Service providers need to use their data to build a consolidated view of each individual customer journey and gain critical insights into where to focus improvements. Only then will they be able to deliver consistent, high-quality experiences and avoid the costs of losing customers. More customers switch service provider on quality of experience grounds than price. However, in today’s complex, multi-channel businesses, service providers are struggling to understand the true experience of each customer and therefore where to focus efforts for reducing churn. Service providers need to use their data to build a consolidated view of each individual customer journey and gain critical insights into where to focus improvements. Only then will they be able to deliver consistent, high-quality experiences and avoid the costs of losing customers.

Stuck on the back roads of customer experience

Service providers, such as mobile network operators, Internet Service Providers (ISPs), utilities, retail banks, credit card providers and insurance companies, all face a common challenge: the main reason people switch service provider – or ‘churn’ – is the poor quality of their customer experience.

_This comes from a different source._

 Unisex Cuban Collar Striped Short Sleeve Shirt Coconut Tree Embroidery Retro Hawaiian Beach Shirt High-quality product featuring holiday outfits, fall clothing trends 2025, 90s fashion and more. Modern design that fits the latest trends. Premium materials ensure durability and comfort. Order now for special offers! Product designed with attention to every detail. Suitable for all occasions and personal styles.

Survey after survey confirms that quality of service more than any other factor, including price, drives a customer’s initial decision to churn. A recent global study of consumers found that 73 per cent of those who switched service provider in the last year cited poor customer experience as a reason, compared to 58 per cent mentioning price. Other surveys back up these findings – such as a 2009 pan-European consumer survey, which found that a poor overall quality of experience drives a three-fold increase in the likelihood of churn, whereas a good experience more than halves the risk.

These findings are particularly relevant for the UK’s saturated markets, where consumer service industries are already highly price-competitive and, in our experience, many companies are enduring high, or rising, churn rates. With the cost of acquiring a new customer on average five times higher than the cost of retaining an existing one , service providers need to focus on delivering a first-class customer experience to ensure differentiation and to keep customers happy. In fact, Gartner research last year found that 95 per cent of business leaders see customer experience as their next strategic priority.

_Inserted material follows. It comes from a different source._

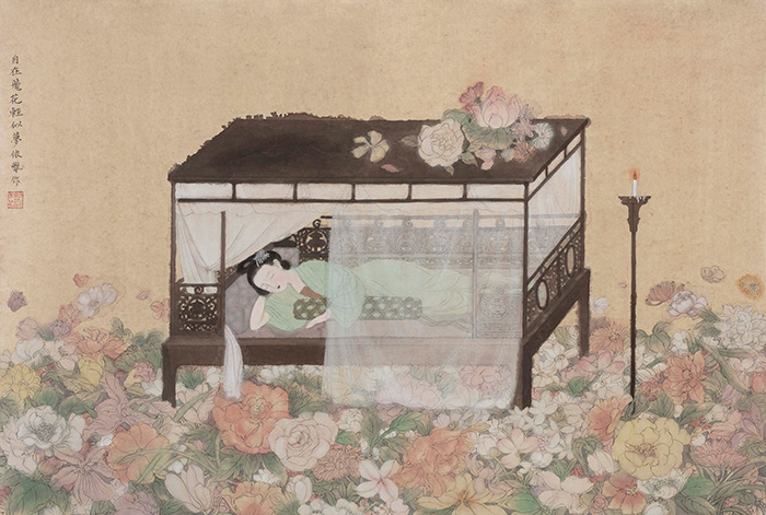 孫欣認為,王依雅的創作在當代新工筆繪畫的脈絡中延申,卓有成就。首先是“以幻為真”。王依雅將花這一顯性符號放大,碩大的花簇使殿宇成為畫面的點綴,打破了既有的圖像結構,強化了圖像的觀念性。女性的失語和自由,核心是其情感和觀念的深入覺醒。其次是“以實映虛”。王依雅經歷了嚴格的學院訓練,皇后冠作品面孔的留白,成為情感流動的切口。華冠實、面孔虛,仙船的煙波,使空幻成為無常的隱喻。最后是“以繁歸簡”。王依雅用繁復回應傳統的極簡,文人畫簡中見逸,而王依雅是繁中見簡,用“極多”引人深思。尤其是《上元》中的生命倏忽之感,讓人有格物致知的深思和共鳴。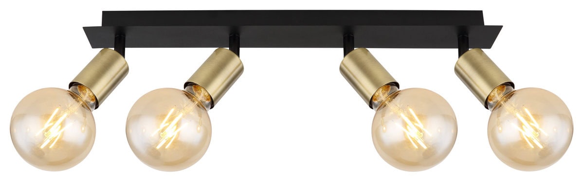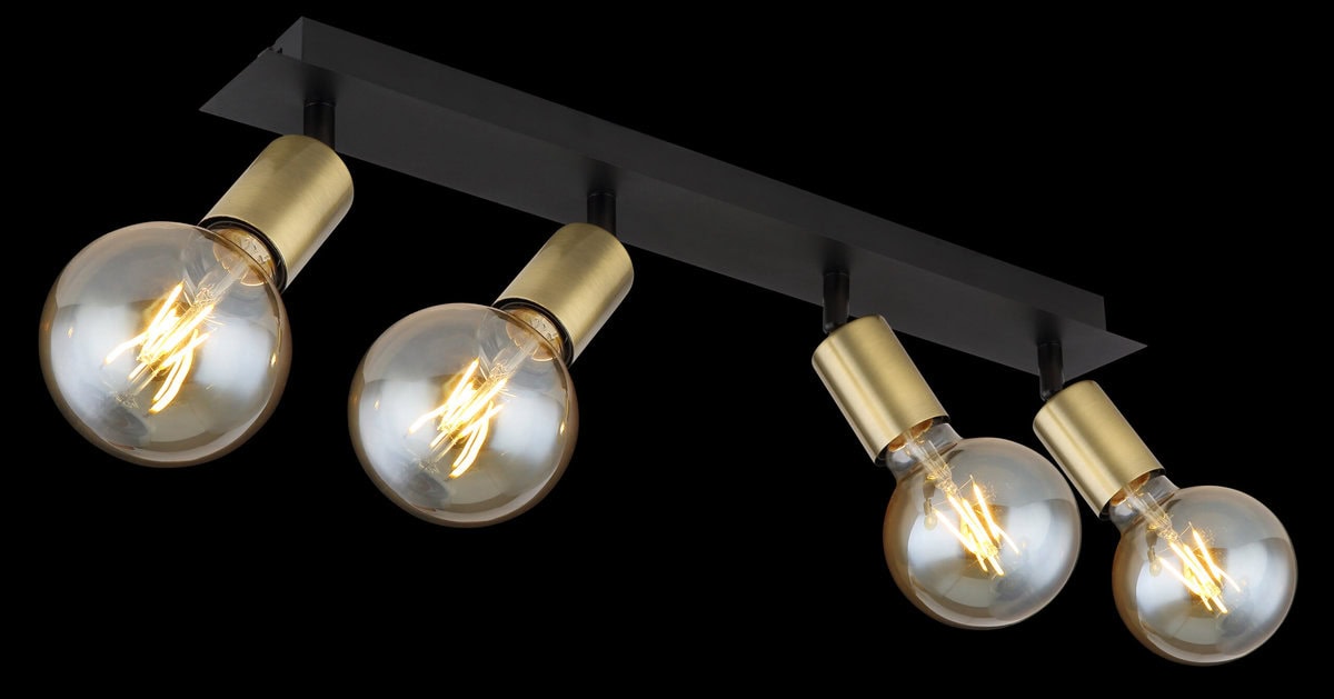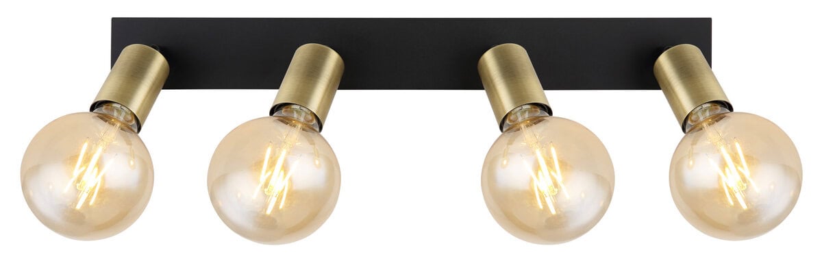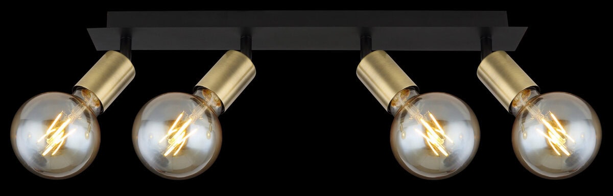 Ovaj prekrasni reflektor inspirira sjajnim dizajnom. Na uskom crnom mat metalnom kućištu (50x6cm) nalaze se četiri E27 utičnice u prekrasnom starom mesinganom dizajnu. Oni vam ostavljaju slobodan izbor, do maksimalne snage od 40 vati, da sami odredite boju svjetla i svjetlinu.

However, despite the almost universal acceptance of its importance, our work with service providers indicates that most have no way of measuring a customer’s experience objectively. They struggle to understand the impact service changes have on individuals and cannot focus improvement efforts accordingly. Moreover, the factors that drive churn seldom surface in customer complaints – only four per cent of unhappy customers voice their concerns – which means unhappy customers are difficult to identify and manage through existing customer feedback mechanisms.

In our experience, customer satisfaction surveys, and other direct methods that service providers traditionally use to get additional feedback, typically generate low response rates. We believe that they are also either usually confined to small samples or are reliant on customer panels which may not be representative. And the time gap between a customer experiencing poor service and subsequently deciding to leave may be too short for an organisation to respond using such techniques. The goal of firstclass customer experience will, it seems, elude many service providers in the next
few years.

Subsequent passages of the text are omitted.